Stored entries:
◇ ◇ ◇ ◇
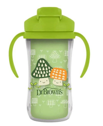Dr. Brown's Παιδικό Ποτηράκι με Λαβές και Καλαμάκι από Πλαστικό Πράσινο 300ml TC01203
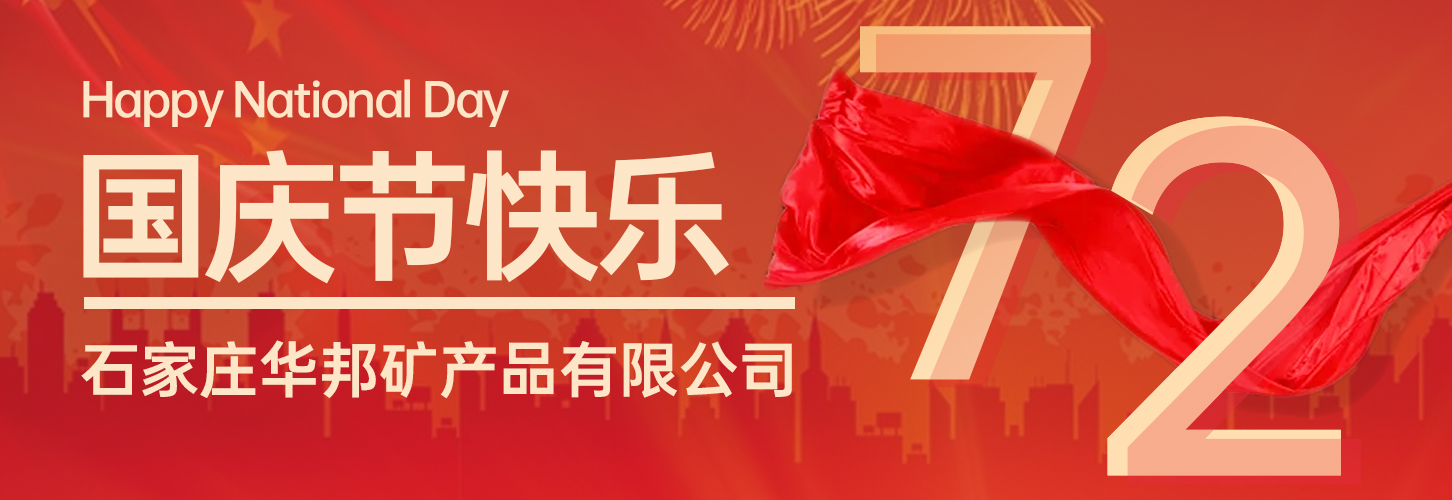 金秋十月,祖國(guó)華誕,普天同慶,頌愛(ài)中華!石家莊華邦礦產(chǎn)品有限公司,將一如既往的腳踏實(shí)地,不斷進(jìn)取,再創(chuàng)輝煌!祝愿我們的祖國(guó)更加繁榮昌盛!
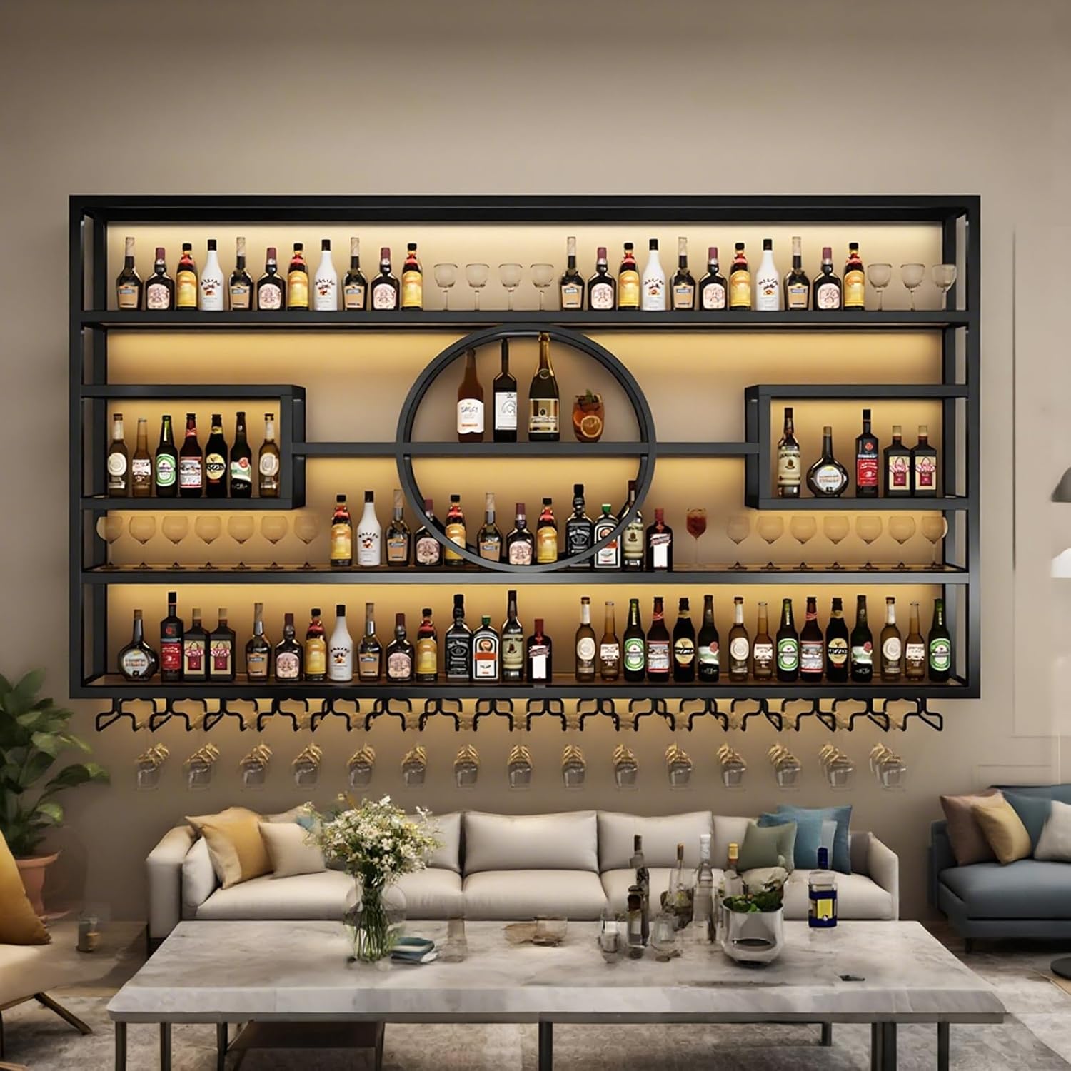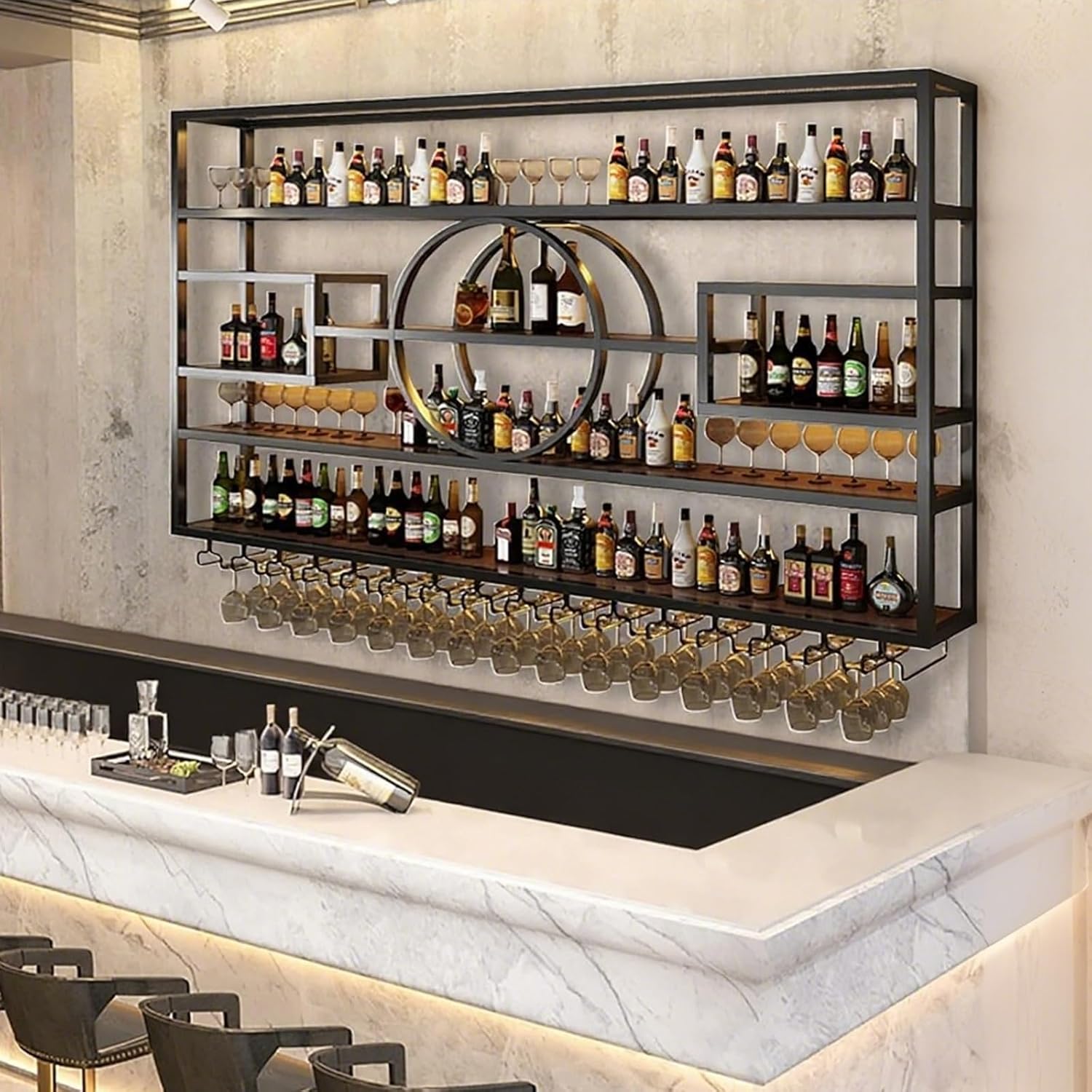 Elevate your bar or living space with this modern, wall-mounted wine rack. Crafted from sturdy iron, it offers ample storage for wine bottles and glasses, keeping your collection organized and on display. Easy to install and versatile in design, it's a functional and stylish addition.
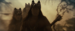 Taha Aki had been away from his body long enough to be in agony. He felt doomed of never being ever to cross the line between life and death. The great wolf followed him through the forest and Taha Aki felt jealous of the animal; at least it had a body and a life. At that moment the Spirit Chief had an idea that changed the future of the Quileutes. He asked the animal if he could share his body with him and the wolf complied. As a single being, the wolf and the man went to the village. The people feared the wolf, shouting for the warriors' help. The warriors came with spears in their hands, but they stopped in surprise of what the wolf was doing: the wolf was retreating from the warriors and trying to yelp the songs of their people. The warriors realized what it was doing and could only think that it was being influenced by a spirit.
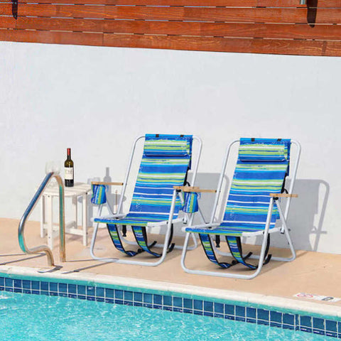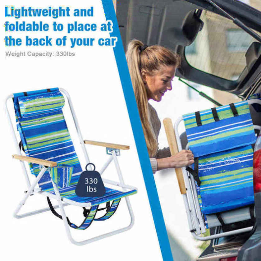 Folding Beach Chair, 4 Position Portable Backpack Foldable Camping Chair with Headrest Cup Holder 96022358
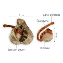 Les testicules sont amovibles pour montrer des détails comme l’épididyme et les canaux spermatiques.
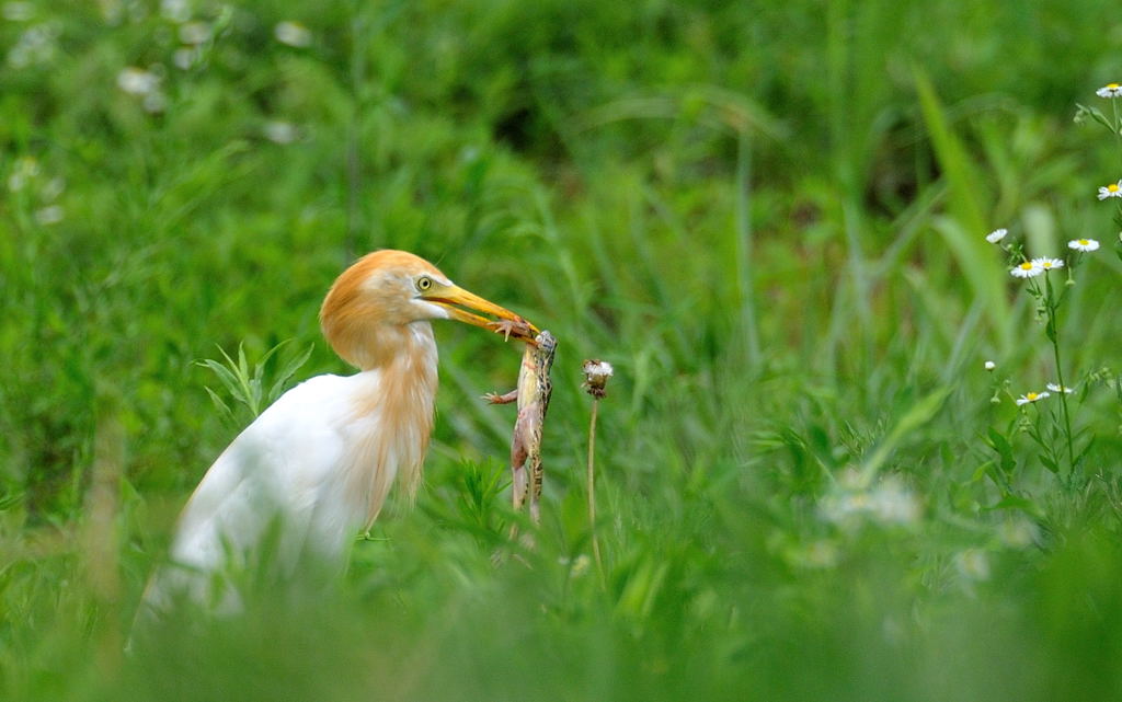 황로에게 잡힌 참개구리
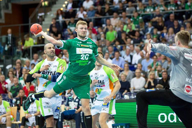 Zu Beginn durften die 3492 Handballfans in der Arena Leipzig mit dem Geschehen auf der Platte noch zufrieden sein. In der Anfangsphase hatten unter anderem Patrick Wiesmach drei Treffer und Franz Semper zwei Treffer geworfen und die grün-weißen Gastgeber mit 7:4 Toren in Führung gebracht. Obendrein waren die Gäste in dieser Phase durch eine Zeitstrafe von Anton Lindskog in Unterzahl geraten. Trotzdem schafften die Hessen den Ausgleich und die Führung. „Wir waren in einigen Szenen des Spiels irgendwie nicht da!“ schätzte Niclas Pieczkowski nach dem Spiel selbstkritisch ein. Jedenfalls konnten sich dadurch die Gastgeber nicht – wie allseits erhofft – absetzen. Zur Pause lagen die Sachsen, die wieder von André Haber gecoacht wurden, mit 13:12 Treffern denkbar knapp vorn.
◇ ◇ ◇ ◇
Instructions for the task »
Reproduce the lines from the line with "Les testicules sont" through the last line of the entries exactly, including both ends and excluding pictures.

Task solution »
 Les testicules sont amovibles pour montrer des détails comme l’épididyme et les canaux spermatiques.
 황로에게 잡힌 참개구리
 Zu Beginn durften die 3492 Handballfans in der Arena Leipzig mit dem Geschehen auf der Platte noch zufrieden sein. In der Anfangsphase hatten unter anderem Patrick Wiesmach drei Treffer und Franz Semper zwei Treffer geworfen und die grün-weißen Gastgeber mit 7:4 Toren in Führung gebracht. Obendrein waren die Gäste in dieser Phase durch eine Zeitstrafe von Anton Lindskog in Unterzahl geraten. Trotzdem schafften die Hessen den Ausgleich und die Führung. „Wir waren in einigen Szenen des Spiels irgendwie nicht da!“ schätzte Niclas Pieczkowski nach dem Spiel selbstkritisch ein. Jedenfalls konnten sich dadurch die Gastgeber nicht – wie allseits erhofft – absetzen. Zur Pause lagen die Sachsen, die wieder von André Haber gecoacht wurden, mit 13:12 Treffern denkbar knapp vorn.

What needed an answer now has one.